A herança do movimento insurgente de Tupac Amaru, no século XVIII, gerou, na elite
criolla regional, aversão a movimentos que despertavam na população anseios
revolucionários. Isto fortaleceu naquele espaço uma resistência realista-peninsular diante
o contexto continental de revoluções para as independências. Gouvêa salientou este
motivo como possível explicação para o relativo atraso no processo de independência
(1826), assim como o caráter “exógeno” ocorrido ali. A motivação do processo seria,
assim, derivada da pressão criolla continental, personificada nas figuras de San Martín e
Simón Bolívar. A particularidade do esforço externo à independência peruana fez com
que este novo Estado buscasse, nos anos seguintes, acordos internacionais com a Espanha
a fim de preservar a união hispano-americana. As marcas de continuidades foram mais
presentes do que as rupturas no sistema então vigente.

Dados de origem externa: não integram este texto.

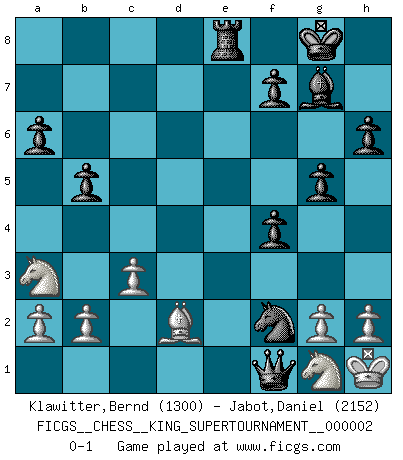 Last move : 0-1 2018 June 1 21:48:34 [Event "FICGS__CHESS__KING_SUPERTOURNAMENT__000002"] [Site "FICGS"] [Date "2018.05.01"] [Round "1"] [White "Klawitter,Bernd"] [Black "Jabot,Daniel"] [Result "0-1"] [WhiteElo "1300"] [BlackElo "2152"] 1.e4 e5 2.f4 exf4 3.Nf3 g5 4.Bc4 Bg7 5.d3 h6 6.c3 d6 7.Qb3 Qe7 8.O-O Nf6 9.Kh1 O-O 10.Na3 a6 11.Qc2 b5 12.Bb3 Nbd7 13.Qf2 Re8 14.Bc2 c5 15.Nb1 d5 16.Bd2 dxe4 17.dxe4 Bb7 18.Na3 Nxe4 19.Bxe4 Qxe4 20.Rae1 Qf5 21.Rxe8+ Rxe8 22.Ng1 Ne5 23.Qxc5 Qd3 24.Qf2 Ng4 25.Qf3 Bxf3 26.Nxf3 Qxf1+ 27.Ng1 Nf2+ 0-1 King's knight's gambit Kingside Castling by player White (move 8) Kingside Castling by player Black (move 9) Player Black won this chess game. Follow this game move after move (download)A Chess game is divided into three stages: the first, when you hope you have the advantage, the second when you believe you have an advantage, and the third... when you know you're going to lose ! (Savielly Tartakower) In der Schule lernt man nichts. Es ist nur Zeitverschwendung. (Robert James Fischer) Vive, pierde y aprende al observar a tu oponente como ganar. (Amber Steenbock) Pour se monter efficace, un Cavalier a besoin d'avant-postes ! Les Cavaliers font les meilleurs bloqueurs de pions passés. Gambling is the son of avarice and the father of despair. (French proverb)

Em Nova Granada pôde-se perceber, de forma mais assertiva, segundo Gouvêa, a
hipótese de Guerra. Isto porque destaca-se a proeminência de duas figuras, com
influências estrangeiras, Francisco Miranda e Simón Bolívar. O ano de 1810 já marcava,
na sociedade de Nova Granada, a preocupação da questão federalista. A Sociedade
Patriótica de Caracas enunciava-se como centro irradiador das novas tendências
intelectuais e dos possíveis percursos políticos. A trajetória de Bolívar influenciou os
sentidos adotados no processo revolucionário boliviano. A aproximação e,
posteriormente, o afastamento sobre a questão federalistas estavam intimamente ligados
aos diferentes momentos intelectuais de Bolívar. Após seu exílio consentido ao Haiti,
passou a defender a centralização do Estado e seu pessimismo diante às liberdades.
Portanto, o discurso político adotado em Nova Granada fora feito a partir de ações
conservadoras e revolucionárias, simultaneamente. O triunfo republicano ocorrera entre
os anos de 1819 e 1821.
Conclui-se, a partir do estudo de casos selecionados pela autora, não somente a
relevância da conjuntura interna do continente, mas principalmente as formas particulares
de acepção destes novos contextos nas diferentes sociedades hispano-americanas. As
independências promovidas no século XIX tiveram, sob variadas formas, um momento
comum às mutações ideológicas, entretanto, os percursos diversificaram tanto em termos
processuais quanto em acontecimentos.